- Film poster
- Directed by: Roger Waters; Sean Evans;
- Written by: Roger Waters
- Produced by: Clare Spencer; Roger Waters;
- Starring: Roger Waters; G. E. Smith; Dave Kilminster; Snowy White; Graham Broad; Jon Carin; Robbie Wyckoff;
- Cinematography: Brett Turnbull
- Edited by: Katharine McQuerrey
- Production company: Picturehouse Entertainment
- Distributed by: Universal Pictures
- Release dates: 6 September 2014 (TIFF); 29 September 2015 (UK);
- Running time: 133 minutes
- Country: United Kingdom
- Language: English

= Roger Waters: The Wall =

2014 concert film

Roger Waters: The Wall is a British concert film by Roger Waters. Directed by Waters and Sean Evans, it captures performances of Waters' live tour. It premiered in the Special Presentations section of the 2014 Toronto International Film Festival, with Waters and Evans in attendance. The concert design and execution draws heavily from the original concert of the same name that followed the release of the Pink Floyd album The Wall (1979).

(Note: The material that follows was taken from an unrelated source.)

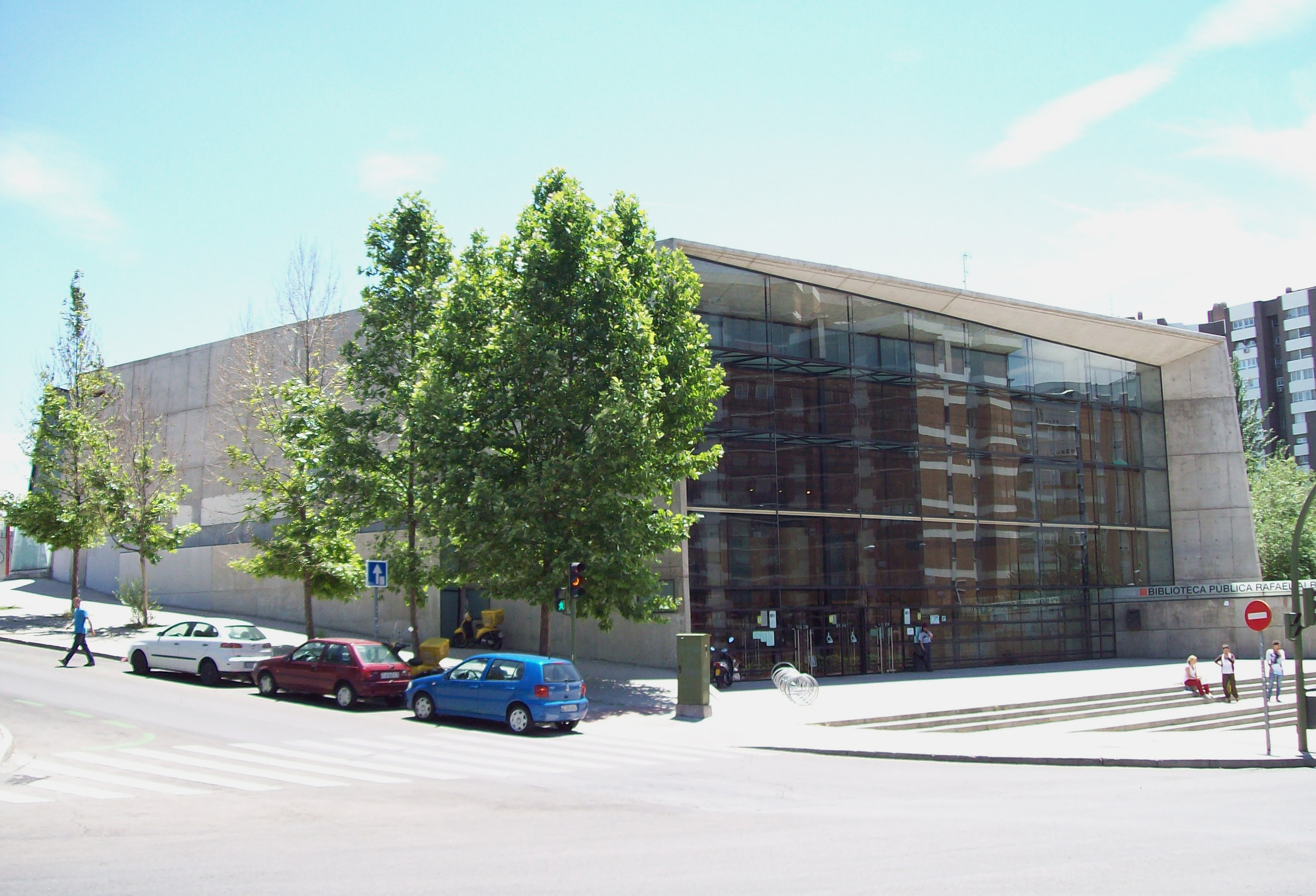 View, from the north-west angle, of Rafael Alberti Public Library in Madrid (Spain).

In addition to the 90 minutes of music, the film also contains interspersed documentary and interview footage taken from a road trip in Europe, with Waters driving an old Bentley. Waters is also seen reading from John Berger's introduction to Fear, the English translation of Gabriel Chevallier's novel, La Peur.

The audio is presented in 7.1.4-channel Dolby Atmos.

==Track listing==

1. "In the Flesh?"
2. "The Thin Ice"
3. "Another Brick in the Wall (Part 1)"
4. "The Happiest Days of Our Lives"
5. "Another Brick in the Wall (Part 2)"
6. "The Ballad of Jean Charles de Menezes"
7. "Mother"
8. "Goodbye Blue Sky"
9. "Empty Spaces"
10. "What Shall We Do Now?"
11. "Young Lust"
12. "One of My Turns"
13. "Don't Leave Me Now"
14. "Another Brick in the Wall (Part 3)"
15. "The Last Few Bricks"
16. "Goodbye Cruel World"
17. "Hey You"
18. "Is There Anybody Out There?"
19. "Nobody Home"
20. "Vera"
21. "Bring the Boys Back Home"
22. "Comfortably Numb"
23. "The Show Must Go On"
24. "In the Flesh"
25. "Run Like Hell"
26. "Waiting for the Worms"
27. "Stop"
28. "The Trial"
29. "Outside the Wall"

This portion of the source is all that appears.